American-born New Zealand hotel operator

Earl Raymond Hagaman (12 September 1925 – 25 May 2017) was an American-born New Zealand hotel operator.

==Biography==
Hagaman was born in Los Angeles on 12 September 1925. From 1961 to March 1981, he was married to Barbara Jean Fairbank. He moved to New Zealand in 1983 after visiting his friend Ralph Brown, who had moved to New Zealand in 1972. Brown and Hagaman invested in hotels and out of this venture, Scenic Hotel Group developed. At the time of his death, Hagaman's hotel empire employed around 1000 staff. In 1989, Hagaman bought the house of Sir Robertson Stewart in the Christchurch suburb of Ilam, and lived there for the rest of his life. The house had a 2007 rating valuation of just under NZ$4m.

In the 2014 New Year Honours, Hagaman was appointed a Companion of the New Zealand Order of Merit for services to business, tourism and philanthropy.

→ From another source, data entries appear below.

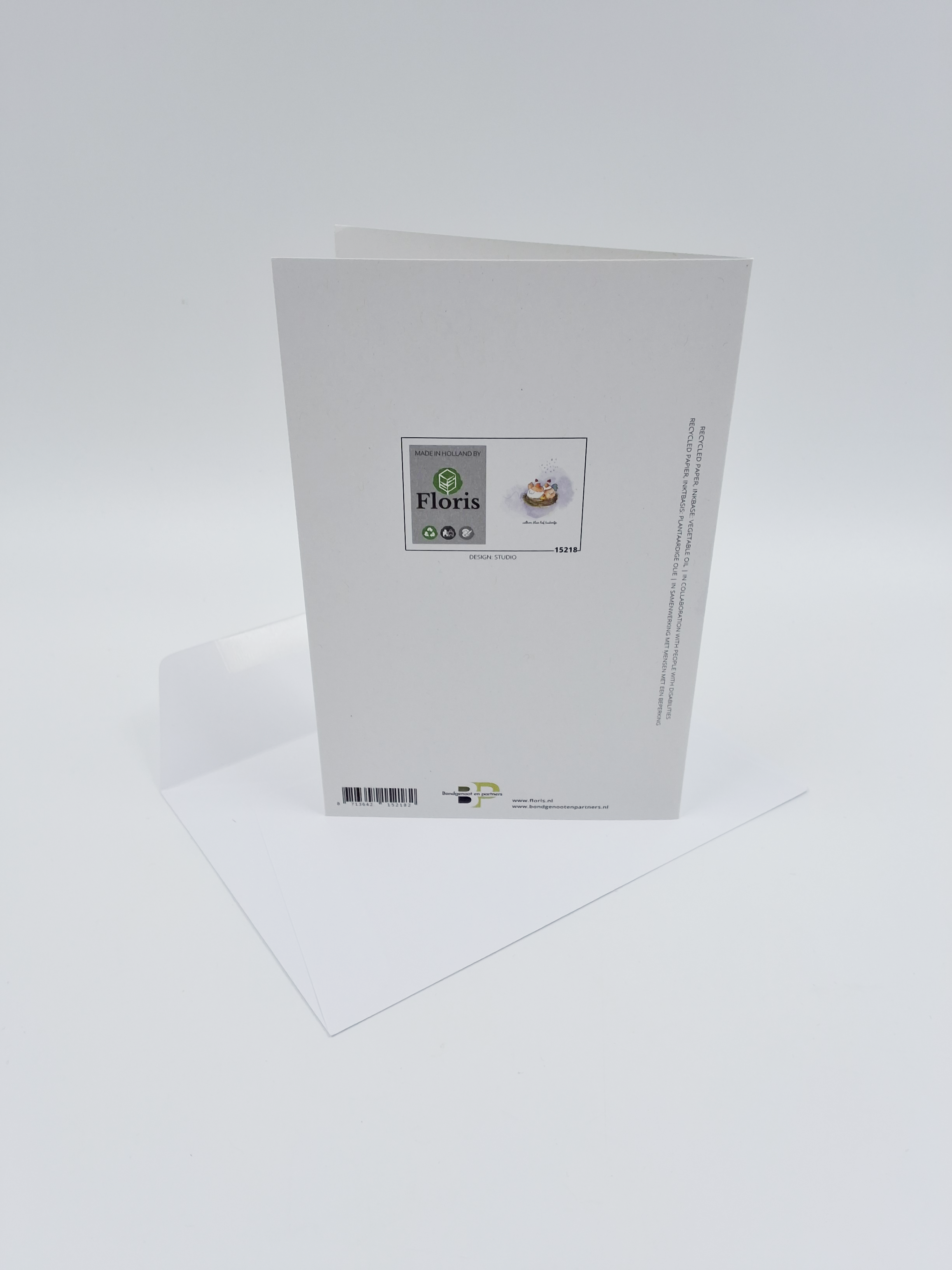 Deze wenskaart is iets groter dan een standaard wenskaart en heeft geen plastiek verpakking. Elke kaart komt met een passende envelop.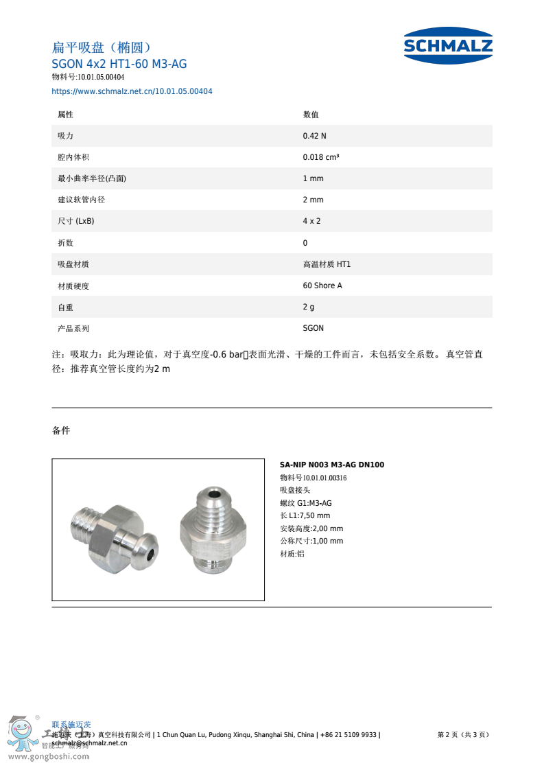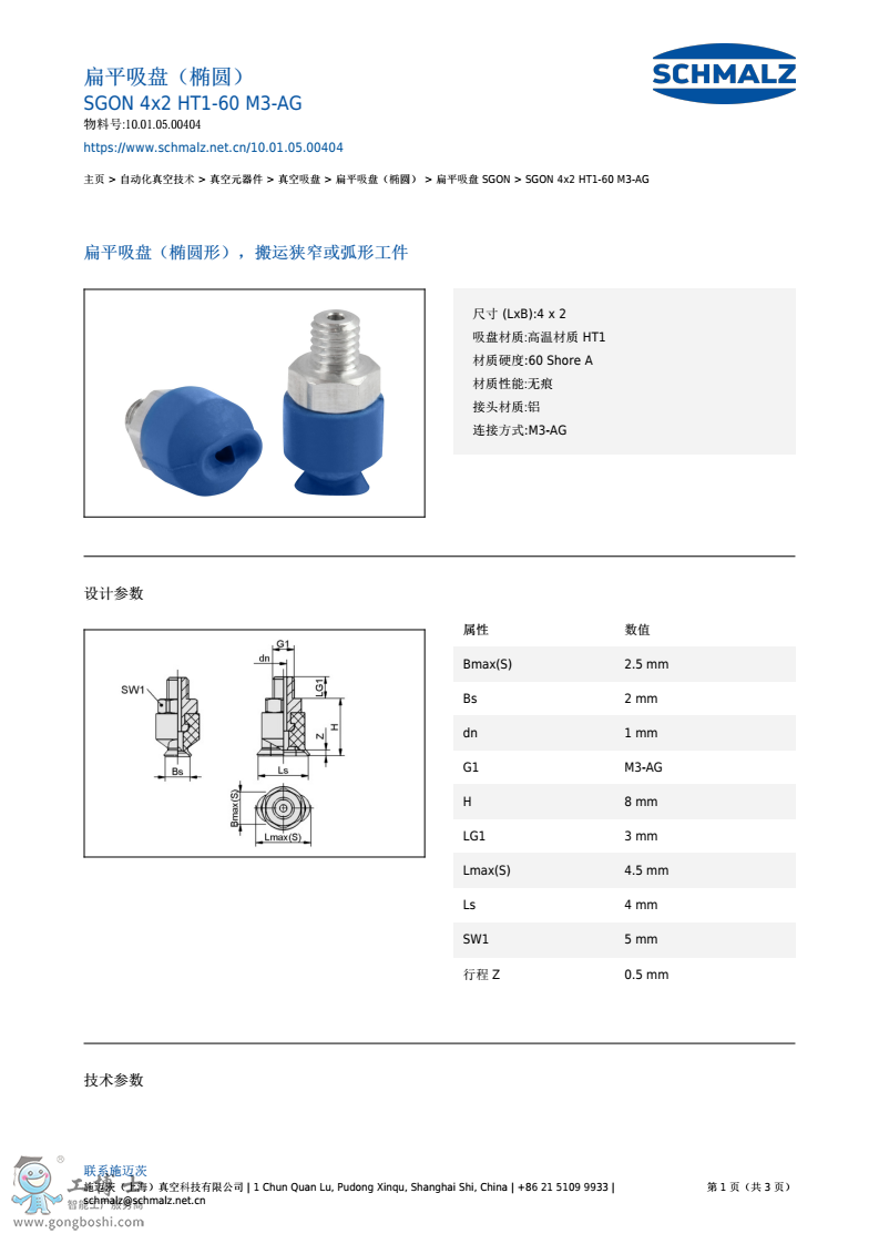 德國施邁茨扁平吸盤SGON 4x2 NBR-60 M3-AG產品|技術服務商 |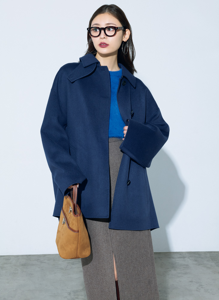 メガネ¥70,400(アイヴァン 7285 トウキョウ〈アイヴァン 7285〉) コート¥132,000・ニット¥72,600(ロンハーマン〈エブール フォー ロンハーマン〉) スカート¥26,400(デミルクス ビームス 新宿〈エーケー ワン〉) バッグ¥52,800(LITTLE LEAGUE INC.〈ア ヴァケーション〉) 靴¥41,800(ル タロン グリーズ ルミネ新宿店〈ル タロン グリーズ〉) ピアス¥106,700(フォーティーン ショールーム〈モニス〉)
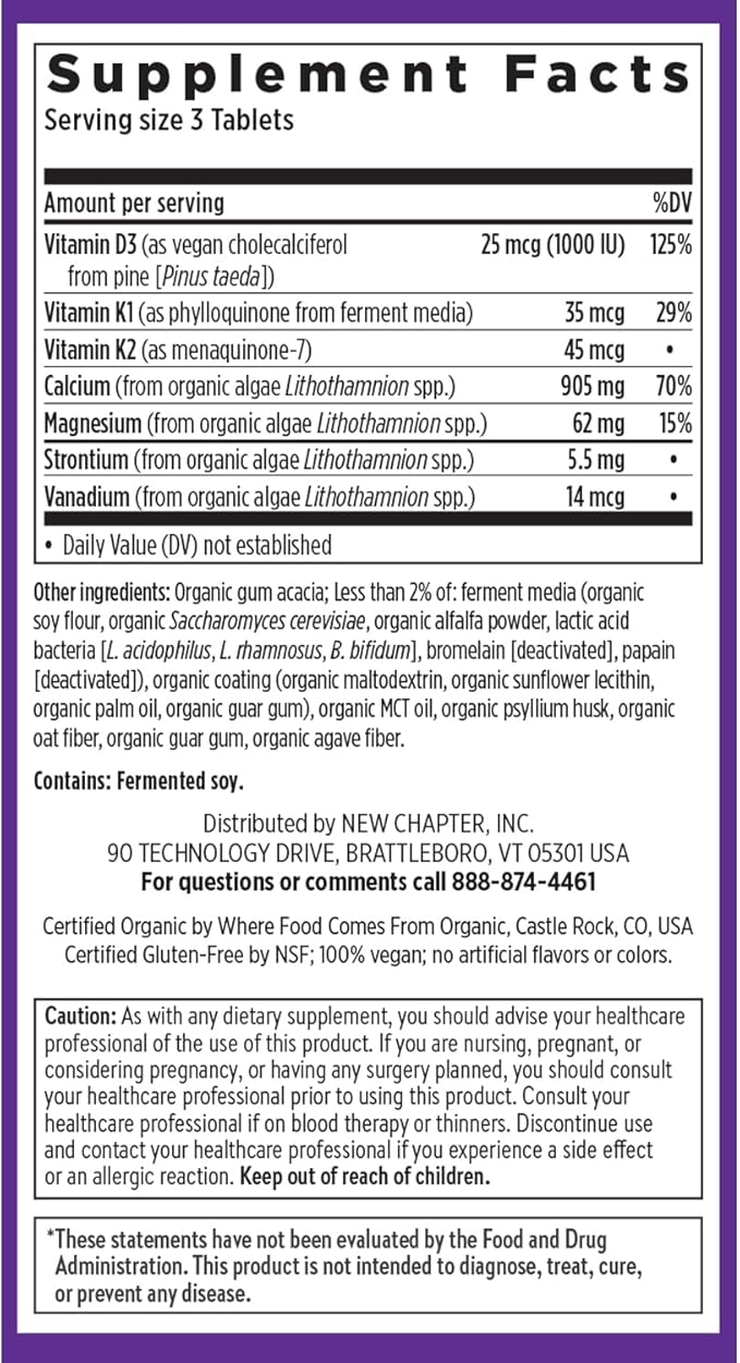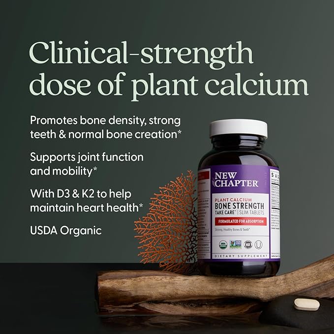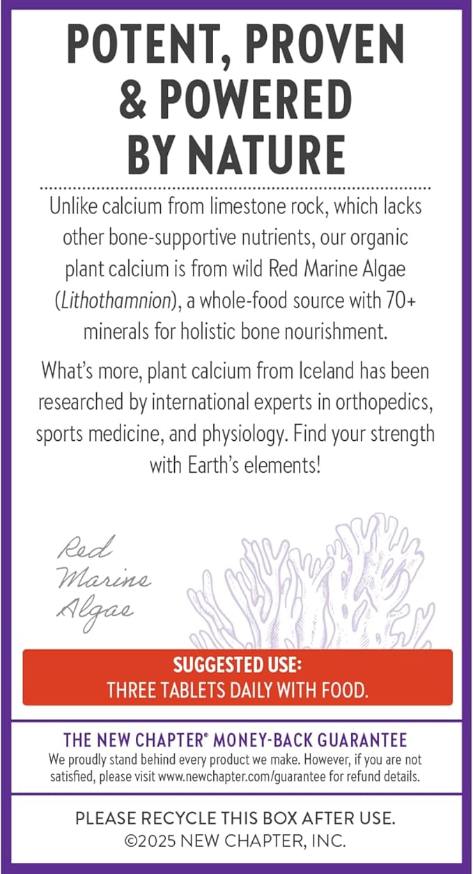 New Chapter Calcium Supplement - Bone Strength Organic Calcium with Magnesium, Vitamin D3+K2, 70+ Trace Minerals for Bone Health, Gluten Free, Easy to Swallow Slim Tablets - 60 Count

Hagaman was in his 60s when he hired a financial controller for Scenic Group; she was in her early 20s. Hagaman's fourth marriage was failing and he later married his employee – Lani Hagaman. They had three children together, and Hagaman had four children from prior relationships. Earl and Lani Hagaman's wealth was estimated by the National Business Review at NZ$180m.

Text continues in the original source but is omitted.